Voilà plus de quarante ans qu’il chante l’hiver, le Québec, l’amour, la mer. Les personnages qu’il a créés, Jos Monferrand, Jack Monoloy, Caillou Lapierre, ont leur place dans la culture populaire. Gens du pays a un quasi-statut d’hymne officiel. Poète engagé, nationaliste sourcilleux dès qu’il s’agit de la langue française, Vigneault est une voix originale dans le panthéon de la littérature d’expression française

Votre œuvre est à ce point identifiée à ce pays qu’on a envie de vous demander, tout de go, non pas comment vous allez, mais comment va le Québec...

Bien, merci. Mais j’insiste tout de suite : je ne suis pas le médecin de famille du Québec. Ni son psychanalyste. Pourtant, à mon sentiment, le Québec va mieux aujourd’hui. Il n’a jamais été dans une si bonne santé économique : le chômage diminue, le bâtiment va, tout va... Et moi, je chante encore, même si, au marché aux puces, où je me rends chaque mardi, on me demande souvent si je suis à la retraite parce qu’on ne me voit plus à la télévision... Mais je suis toujours vivant, merci. Le Québec va bien parce qu’il est tolérant envers les ethnies différentes qui l’habitent. Les Québécois sont des gens tolérants. A tous égards. Peut-être trop, d’ailleurs. Mais je me demande comment on peut être trop tolérant.
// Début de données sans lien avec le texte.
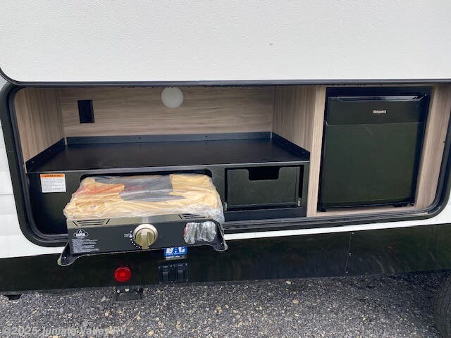 Awning, Detachable Power Cord, Electric Jack, Enclosed Underbelly, Exterior Refrigerator, External Shower, Front Overhead Storage, Griddle, Heated Underbelly, Hitch, Outside Kitchen, Pass Thru Storage, Power Awning, Power Hitch Jack, Power Roof Vent, Power Stabilizer Jacks, Roof Vent, Screen Door, Skylight, Spare Tire Kit, Tinted Windows -

A 74 ans, le dernier des grands poètes québécois chante encore. Il vient de monter un nouveau spectacle, Au bout du cœur, et sera en tournée en France en mars prochain. Un autre album devrait, cet hiver, s’ajouter à une œuvre déjà importante. Poète, chanteur, Vigneault continue aussi à écrire des contes pour enfants. Et à observer, dans ce Québec tant aimé, « ce pays qui n’est pas un pays », l’effritement du rêve indépendantiste, dans lequel il persiste pourtant à placer ses espoirs. Patriarche de la francophonie, ce « désespéré joyeux » raconte, au gré des digressions, cette liaison passionnée avec une langue qu’il aura servie en amant fidèle.

« La tolérance, il y a des maisons pour ça », disait Paul Claudel...

Je n’aime pas Claudel. Je le trouve trop catholicard, trop ronflant, trop prétentieux. Encore que dans les petites poésies écrites pour sa petite fille quand il était au Japon, il ait écrit des choses très belles... Oh ! un grand écrivain, je le reconnais humblement. Mais je préfère Supervielle. Ou Apollinaire. Parlons d’autre chose.

Tout ce pour quoi vous vous êtes battu, des années durant - l’indépendance du Québec, la dénonciation de la société marchande et de la puissance américaine - est en recul aujourd’hui. L’indépendance, vous y croyez encore ?

Je serais un imbécile si je n’avais pas mes inquiétudes. On dit que le Québec est en train de virer à droite : ce n’est pas fait. Si le Québec votait comme les sondages l’indiquent ces temps-ci, je serais très déçu. Et je recommencerais à gueuler pour ce pourquoi j’ai gueulé toute ma vie.

Le Parti québécois, la formation souverainiste au pouvoir, n’a t-il pas achevé son rôle historique ?

Je ne pense pas. Mais, un quart de siècle, c’est une excellente occasion pour faire un bilan. Et, peut-être, repartir à nouveau, après avoir corrigé la course. Car, sur la mer, il arrive que les vents, les courants, les remous, les écueils fassent dévier un peu le vaisseau. Il y a des raccourcis qui sont des rallonges.

Et l’indépendance du Québec, qui paraît plus lointaine que jamais ?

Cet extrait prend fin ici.